# Estremoz, 28 de Junho de 2009 (Tempestade de Verão)



## Gerofil (28 Jun 2009 às 21:58)

Estas fotografias foram tiradas a partir das 15h45 até por volta das 17h15. As primeiras referem-se a uma trovoada a noroeste de Estremoz; depois, as fotografias que são sobre a cidade mostram a aproximação de outra trovoada (esta última é que passou sobre a cidade, dando origem a um aguaceiro moderado/forte que durou cerca de 30/40 minutos). As últimas imagens referem-se a um troço inundado do IP2, à entrada de Estremoz para quem vem de Portalegre.


----------



## Lousano (28 Jun 2009 às 22:15)

Deve ser bonito vê-las (as nuvens) com um belo aspecto e não desapontarem. 

Venha as outras fotos!!!


----------



## Veterano (28 Jun 2009 às 22:42)

A chuva deve ter sido bem intensa pela altura da água na estrada.


----------



## Z13 (28 Jun 2009 às 22:42)

[/QUOTE]

Brutal!!!!   Brutal!!!!   Brutal!!!!


----------



## Vince (29 Jun 2009 às 00:44)

Boa reportagem Gerofil !


----------



## AnDré (29 Jun 2009 às 00:45)

Imagens realmente impressionantes!


----------



## MSantos (29 Jun 2009 às 00:48)

Boa reportagem

As imagens demonstram bem a força dessa celula
Pena os danos causados


----------



## Chasing Thunder (29 Jun 2009 às 09:29)

Boa Reportagem gerofil, eu ontem á tarde fui até a feira de Évora e notei que realmente para esses lados choveu muito, e também foi por pouco que quase que apanhava uma trovoada, mas realmente essas trovoadas tinham um aspecto espectacular.


----------



## vitamos (29 Jun 2009 às 09:32)

Muito boa reportagem


----------



## jpmartins (29 Jun 2009 às 09:54)

Obrigado Gerofil pela reportagem, muito boa


----------



## actioman (29 Jun 2009 às 12:09)

Grande foto-reportagem Gerofil!  

Para além da beleza e impacto das imagens, não me consigo esquecer do dono do carro que deve ter ficado de rastos! 
É o contraste entre o que nos apaixona e os danos que pode causar. 

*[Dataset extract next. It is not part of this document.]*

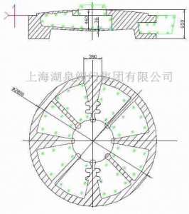 一、大型电动蝶阀结构分析 (1)此蝶阀属园饼形结构,内部空腔由8根加强筋连接支撑,顶部620孔与内腔相通,其余部分均为封闭形状,砂...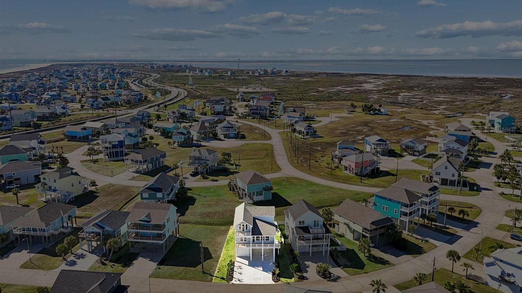Just a 3-minute walk to the beach, this designer coastal home offers Gulf and bay views with elevated finishes throughout. A bright open-concept layout is filled with natural light and showcases custom woodwork on walls and ceilings, designer tile accent walls, and a relaxed bohemian-modern aesthetic rarely found in Galveston. The living area opens to a large covered patio for seamless indoor-outdoor living, while the primary suite features a private covered patio and a huge custom walk-in closet. A built-in wet bar under the stairs adds a perfect entertaining touch. Additional highlights include a downstairs shower and all appliances included, including washer and dryer. Move-in ready and thoughtfully designed—this is coastal living at its finest.

Parabéns e obrigado vizinho! Por estas bandas não choveu, mas bem a vi passar a Este e os trovões escutavam-se bem próximos.

Um abraço!


----------



## Gilmet (29 Jun 2009 às 17:45)

Sem dúvida, fotos impressionantes desse fenómeno localizado! 

Obrigado!


----------



## Teles (29 Jun 2009 às 18:18)

Parabéns Gerofil  boas fotos e excelente reportagem , devia de haver mais pessoas como tu , a colocar os relatos foto-meteorologicos , pois  escrito é bom e a ver ainda é melhor


----------



## Mjhb (29 Jun 2009 às 21:24)

Gerofil disse:


> Estas fotografias foram tiradas a partir das 15h45 até por volta das 17h15. As primeiras referem-se a uma trovoada a noroeste de Estremoz; depois, as fotografias que são sobre a cidade mostram a aproximação de outra trovoada (esta última é que passou sobre a cidade, dando origem a um aguaceiro moderado/forte que durou cerca de 30/40 minutos). As últimas imagens referem-se a um troço inundado do IP2, à entrada de Estremoz para quem vem de Portalegre.



Muito bem, continua assim!!!


----------



## Brigantia (29 Jun 2009 às 21:28)

Grande reportagem Gerofil

Algumas fotos são impressionantes


----------



## squidward (30 Jun 2009 às 00:24)

deve de ter sido impressionante!!!

Mais uma boa reportagem. Belas Fotos!!


----------



## ajrebelo (30 Jun 2009 às 01:38)

Boas

Grande registo, o Mercedes é teu?  Não deviam ter aberto as portas  

abraços


----------



## Saul Monteiro (2 Jul 2009 às 22:48)

Boa reportagem Gerofil 
Parabéns


----------